<- Back to Portfolio

Understanding Native Graph Databases: Storage and Processing

8/24/2025

Understanding Native Graph Databases: Storage and Processing

When we talk about graph databases, we often hear terms like "native graph storage" and "native graph processing" thrown around. But what do these really mean, and why should you care? The answer lies in understanding how fundamentally different graph databases are from their relational cousins—not just in how they query data, but in how they physically store and manipulate it.

The Foundation: How Graphs Store Data Differently

Imagine you're organizing a party and need to keep track of who knows whom. In a traditional relational database, you'd create a table for people and another table for friendships, then use foreign keys to connect them. Every time you want to find someone's friends, the database has to perform joins—essentially looking up connections that aren't directly stored together.

Graph databases take a radically different approach. Instead of storing data in separate tables that need to be joined together, they store the relationships as first-class citizens right alongside the data. When you create a person named Alice and connect her to Bob through a friendship, the database literally stores a direct pointer from Alice's record to Bob's record. This isn't just a conceptual difference—it's a fundamental change in how data lives on disk.

This concept is called index-free adjacency, and it's the secret sauce that makes graph databases so powerful. When you want to find Alice's friends, the database doesn't need to perform complex lookups or joins. It simply follows the pointer that's already there, like following a trail of breadcrumbs.

Consider Neo4j, one of the most popular graph databases. When you store a relationship between Alice and Bob, Neo4j creates a physical pointer from Alice's storage location to Bob's. No additional lookup is required—the relationship is embedded in the storage structure itself. This means finding neighbors happens in constant time, regardless of how large your database grows.

Index-free adjacency means that each node in the graph directly stores references (pointers) to its adjacent nodes. When traversing from one node to another, the database simply follows these pointers instead of performing index lookups. This is fundamentally different from how relational databases handle connections.

The Power of Native Graph Processing

Storage is only half the story. The real magic happens in how graph databases process queries and run algorithms. Think about the difference between giving someone directions using street names versus drawing them a map with connected paths. Traditional databases are like the street names—they have to reconstruct the connections every time. Native graph processing is like having the map already drawn.

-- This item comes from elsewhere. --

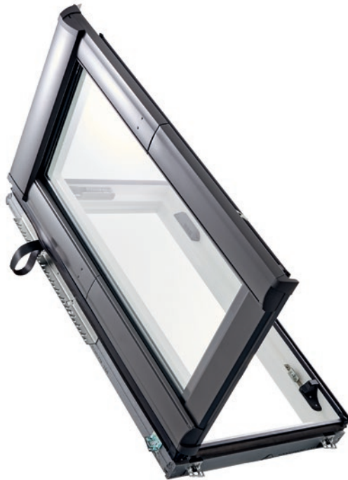
Bild zeigt Flügelanschlag rechts von innen gesehen.

When a traditional SQL database needs to find all friends of friends of Alice, it has to perform multiple expensive JOIN operations across tables. Each JOIN is essentially a separate search operation, and the cost multiplies with each degree of separation. It's like having to ask different people for directions at every street corner.

A native graph processing engine understands the connected nature of the data from the ground up. It can traverse from Alice to her friends, and then from each friend to their friends, all by following the pre-established pointers. The traversal happens in O(1) time per hop—meaning each step takes the same amount of time whether you have a hundred users or a hundred million.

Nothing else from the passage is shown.